Sağlık çalışanlarının emeğinin karşılığını ödeyecek bir değer olmadığını ama alın terlerinin de heba edilmemesini ısrarla dile getirdiklerini belirten Öztürk, “Ne yazık ki 6 aylık bu süreçte 3 ay süren adı tavandan ama kendi yavandan olan bir ek ödeme ile sorunları geçiştirildi. Bu durumda bırakın yarınımızı güvence altına almayı, günü kurtarma değil ancak saati kurtarmak adına yapıldı. Bu işle tüm sorunlar çözülmüş gibi bir hava oluşturuldu.
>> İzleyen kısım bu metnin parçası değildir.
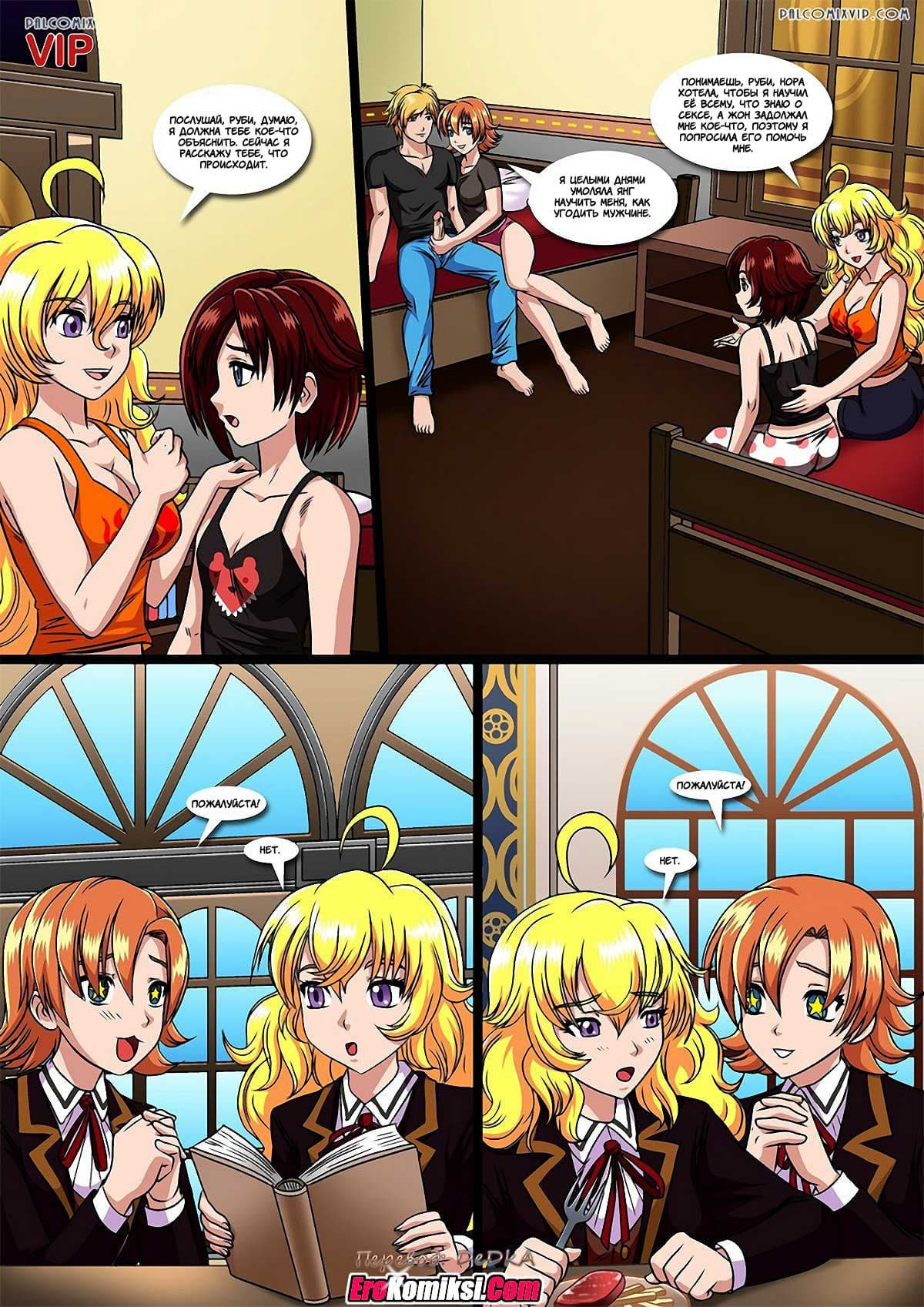 Перед вами сексуальная пародия на сериал RWBY. Каждую ночь в течение последних трех недель Янг украдкой уходила из комнаты после того, как вся команда засыпала. Куда она уходит, задумалась её младшая сестра, и решила выяснить это. Она проследила за старшей сестрой и застала её обучающей свою подругу основам секса. Практическим пособием на этом уроке был не какой-нибудь фаллоимитатор, а настоящий парень…
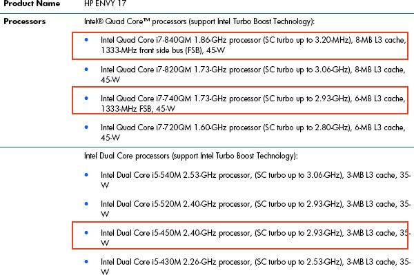 Модель i7-840QM может увеличить частоту своего процессора с 1.86GHz до 3.20GHz (или до 3.20MHz, если это не опечатка). В свою очередь i7-740QM приобретет 2.93 GHz вместо 1.73GHz и i5-450M 2.93 GHz вместо 2.4GHz.
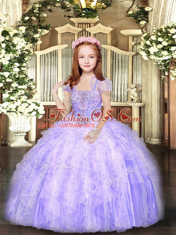 Tulle Sleeveless Floor Length Little Girls Pageant Gowns and Beading and Ruffles
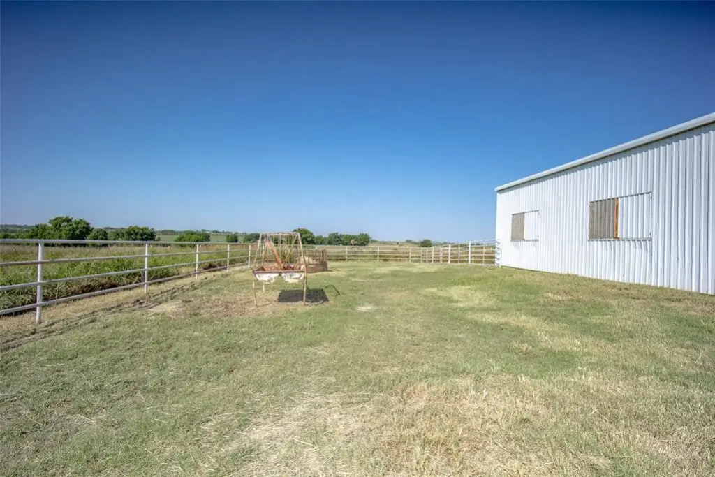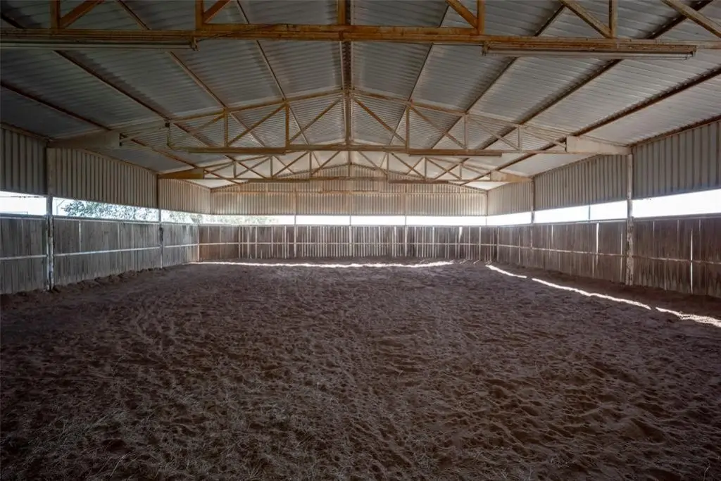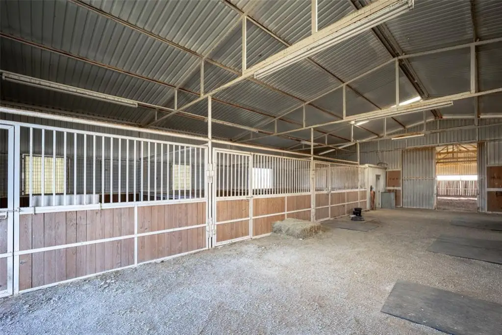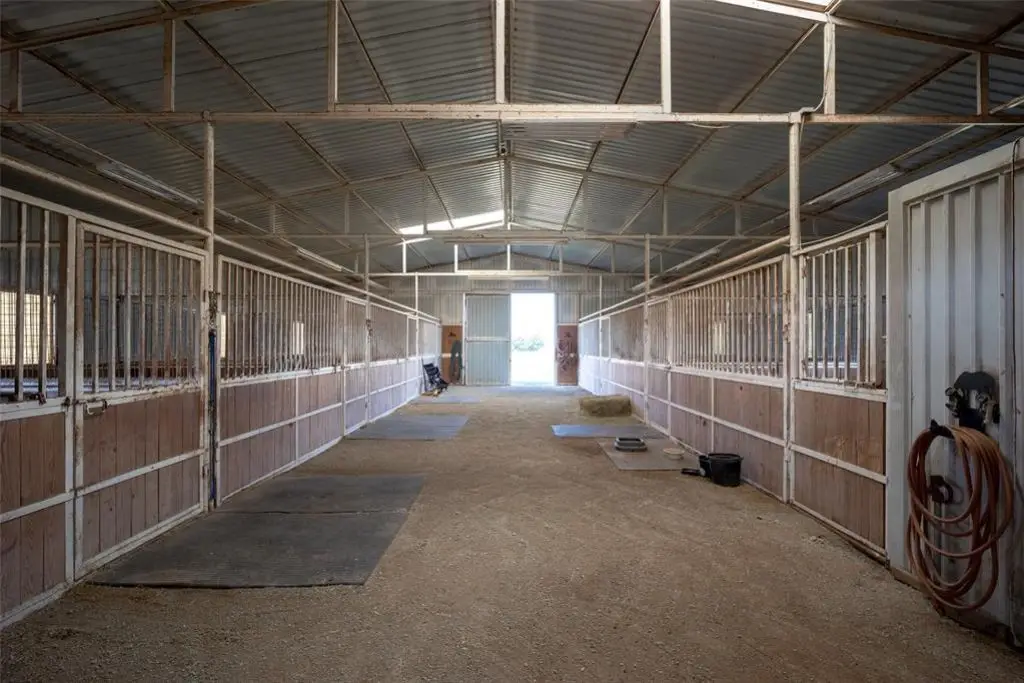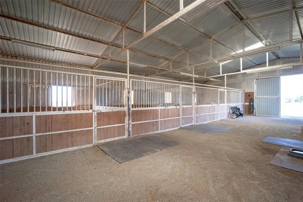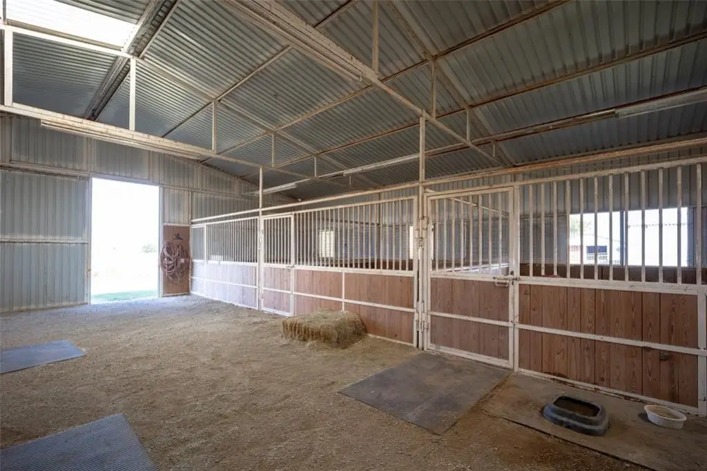 Metal barn with oversized stalls and round pen
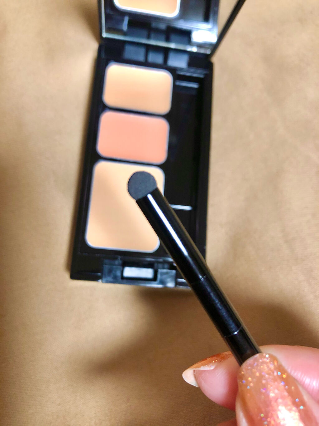 - SPF36 PA+++ シミやクマ、ニキビ跡など隠したいポイントに合わせて自由に色をカスタマイズ出来るコンシーラーパレット。 ナチュラル・オークル・オレンジを組み合わせることで、気になるポイントをより自然にカバー出来ます。 さらに、付属のブラシは筆とスポンジの2wayになっており、広範囲のクマには筆を、シミやニキビ跡などポイント部分にはスポンジと使い分けが可能。 3色×2wayブラシで自由自在に肌色補正が可能です。
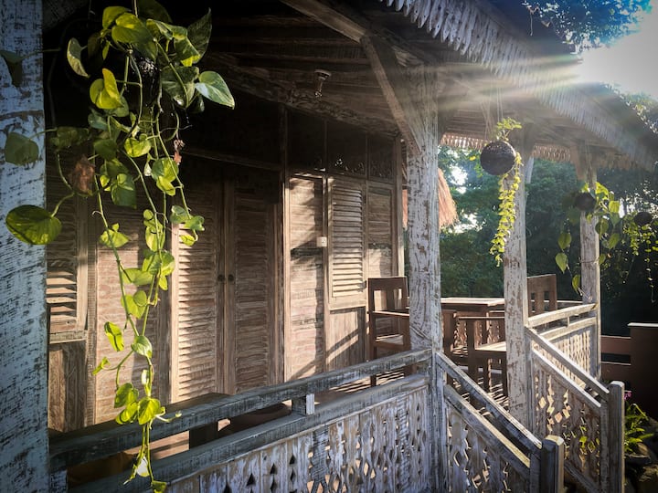 מיטת עץ זוגית + מרפסת באובוד
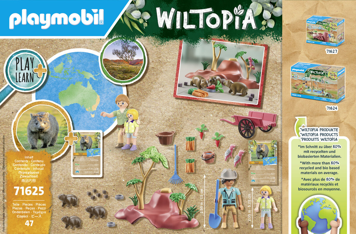 Игровой набор PLAYMOBIL, созданный с учетом принципов устойчивого развития, включает в себя две фигурки PLAYMOBIL, вомбатов, какаду и множество других замечательных растений и аксессуаров. Фигурки: 1 мужчина в шляпе, 1 девочка Животные: 3 вомбата, 2 какаду Аксессуары: 1 земляной холмик с. укрытие, 2 дерева, 2 кусочка травы, 2 миски для еды, 2 морковь, 5 помета вомбата, 1 деревянная тележка, 1 плетеная корзина с зеленым кормом, 1 лопата, 1 грабли, 1 деревянное ведро.
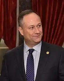 Douglas Emhoff is the husband of Kamala Harris. He was born to Jewish parents,[1] Michael and Barbara Emhoff, in Brooklyn, New York. He lived in New Jersey from 1969 to 1981, moving with his family to California when he was 17.[2][3][4] Emhoff graduated from the California State University, Northridge and USC Gould School of Law.[5] Emhoff is an entertainment litigator and began his career at Pillsbury Winthrop's litigation group. He later moved to Belin Rawlings & Badal, a boutique firm, in the late 1990s. He opened his own firm with Ben Whitwell in 2000. The firm was acquired by Venable in 2006. Emhoff is now employed by DLA Piper, working at its Washington, D.C., and California offices.[6] Emhoff was married for 16 years to film producer Kerstin Emhoff née Mackin. They have two children.[7][4] He married Harris on August 22, 2014, in Santa Barbara, California, with Harris's sister Maya Harris officiating.[8]
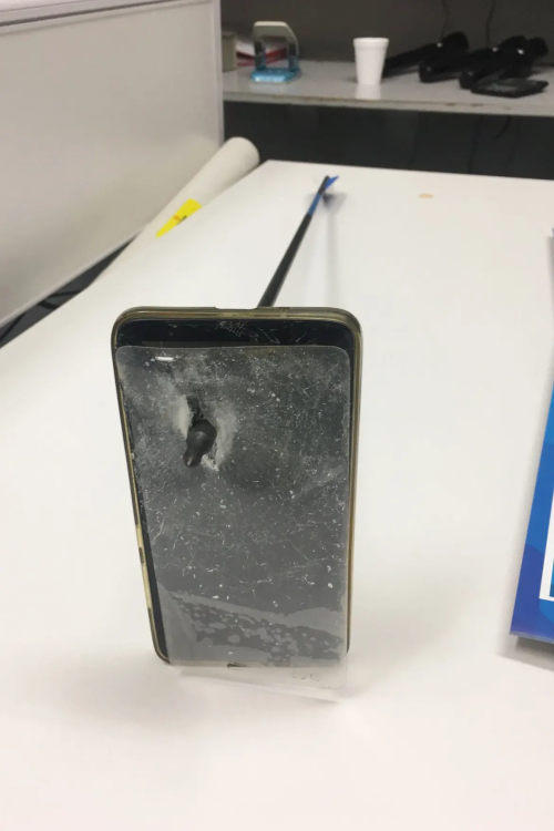 Previendo que algo terrible podía ocurrir, mientras descendía, el hombre sacó su teléfono móvil para capturar en vídeo la escena. Y gracias a ello, la flecha terminó en el teléfono, atravesándolo como si fuera una simple barra de mantequilla y evitando que fuera herido.

Her yanı adaletsizliği nedeniyle dökülen ek ödeme sanki ikinci bir maaş gibi gösterildi. Dünyaya övgüyle bahsettiğimiz filasyon çalışmasında aktif görev alan aile hekimliği çalışanlarına bir kuruş bile ödeme yapılmayarak adeta emekleri yok sayıldı. Diş hekimlerimiz, ağız diş sağlığı çalışanlarımız mağdur edildi. Halbuki sağlık çalışanlarının beklediği gerçek anlamda ve adaletli bir şekilde ücretlerinde artış yapılmasıydı. Biz bu konuda taban aylığa artış yapılması talebimizi gündeme getirmemize rağmen ücretlerde bir iyileştirme olmadı.” ifadelerini kullandı.
“DÖNER SERMAYE SİSTEMİ
ADİLCE DÜZENLENİLMELİ”
“Bir kez daha yüksek sesle haykırıyoruz. Ek ödeme değil tek ödeme istiyoruz. Onu da maaş zam olarak talep ediyoruz. Ancak böylelikle gerçek anlamda bir iyileştirmeden söz etmek mümkündür.” diyen Öztürk sözlerini şöyle sürdürdü: “Bunun dışında; 3600 Ek gösterge sözü bir an önce hayata geçmemiştir. Salgın nedeniyle hayatını kaybeden arkadaşlarımızın şehit sayılarak geride bıraktıkları ailelerinin mağdur olmaması talebimiz için adım atılmamıştır. Tüm çalışanlara kadro verilerek kesintisiz süren sağlık hizmetlerinde sözleşmeli, vekil ebe hemşire, kamu dışı sağlık personeli gibi istihdam modellerinin terk edilmesi isteğimize olumlu bir yanıt verilmemiştir. Döner sermaye sisteminin adil bir şekilde düzenlenmesi gibi konularda maalesef gelişme kaydedilmemiştir. Yıprananın kim olduğunu gördüğümüz şu günlerde makul bir yıpranma payı isteğimiz bile görmezden gelinmiştir. Salgının artığı bugünlerde sağlık çalışanları yine fedakarca görevlerinin başındalar ama mutsuz ve umutsuzlar. Kırgın, kızgın ve yorgunlar. Fedakarlıklarının karşılığında kendilerine yapılanları görüyorlar. Hakları verilmediği gibi hak etmedikleri bir muameleye ile karşı karşıya kalıyorlar. Çalışanlar kronikleşen sorunlarının çözülmesi yerine yavandan ek ödemenin tekrar gündeme getirilmesi karşısında öfkeliler. Ek ödeme yerine maaşa zam şeklinde tek ödeme bekliyorlar. Dünyanın çeşitli ülkeleri sağlık çalışanlarının bu süreçte ücretlerini arttırırken salgınla mücadelede destan yazan Türk sağlık çalışanlarına yapılanlar reva mıdır?”